February 1, 1999
Online service woes dog vendor sites and hinder Internet sales
Customer service is a touchy issue -- when it's good, customers take it for granted; when it's bad, they take it personally.
That's why I wasn't surprised to hear from so many of you after my last column on the topic. (See "Online retailers: you can't compete on customer service," www.info world.com/printlinks.) What did surprise me is the range and vehemence of the responses I got.
I heard from very satisfied customers of www.buy.com, www.dell.com, www.amazon.com, and other sites. I also heard from people who had terrible experiences at www.buy.com, www.dell.com, www.amazon.com, and other sites.
Now that the numbers are in from the most recent holiday season, it's clear that customer service is the biggest single source of dissatisfaction among online shoppers. (See Ed Foster's The Gripe Line column on the topic Jan. 18, page 89, plus our feature article "Stuck in the Web," Jan. 11, page 1.) The latest study to add grist to this mill is a recently released survey of 2,300 online households, conducted by Jupiter Communications and NFO Interactive. The surveyors found that satisfaction levels among Web shoppers dropped 14 percent from July to December.
The reason there are more complaints about online shopping is simple: More people are doing it.
Let's face it, consumer shopping on the Internet still leaves a lot to be desired. Web sites take too long to download, search tools are difficult to use, comparison shopping is almost impossible, and the whole purchasing process is tedious and error-prone.
Online shoppers experience these shortcomings as poor customer service. But the truth is, what is commonly called "customer service" online comprises many things.
The primary component of so-called online customer service is usability. A Web commerce site is an application, and when you visit a site you're almost always interacting with a computer, not another human.
Web commerce site designers need to learn the basic principles of application usability and start applying them to their sites, rather than foisting the problem off on other departments as a customer service issue. After all, if you find your word processor hard to use, you don't complain about the program's "poor customer service," do you?
Another component that customers experience as a service issue is download time. Granted, you may have little control over your site's apparent speed. But regardless of the source of the problem, if your site is slow, you'll get blamed for it.

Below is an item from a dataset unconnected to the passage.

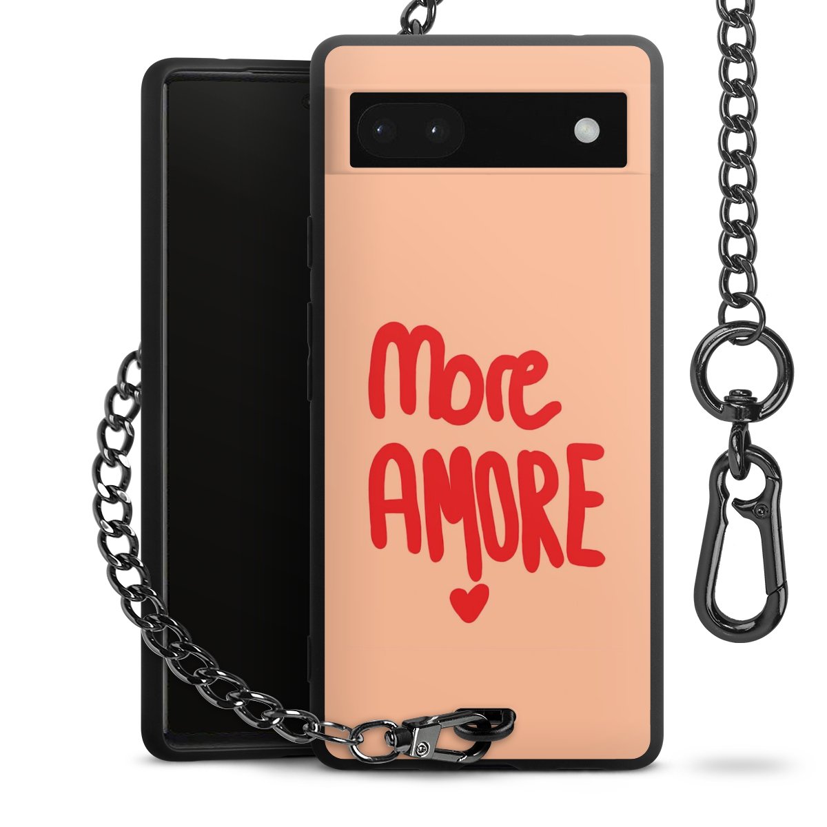 • Mattschwarze Handyhülle mit Metallkette

A third component is the site's "intelligence:" How well does it adapt to each customer's individual preferences, and how well does it handle unusual situations? "404 Not Found" errors are unacceptable, and serious problems should be immediately handed off to a customer service representative.
Which brings me to the final component of so-called online customer service: the human-to-human contact that is increasingly happening on I-commerce sites. A well-designed site will trim the need for expensive customer service staff, but it won't eliminate it entirely. That's why you need good systems to handle problems as they crop up, via text chat or voice over IP, for instance. And don't overlook the venerable phone system, as long as it's well integrated into your Web site.
What's the state of online customer service today? Write to me at firstname.lastname@example.org.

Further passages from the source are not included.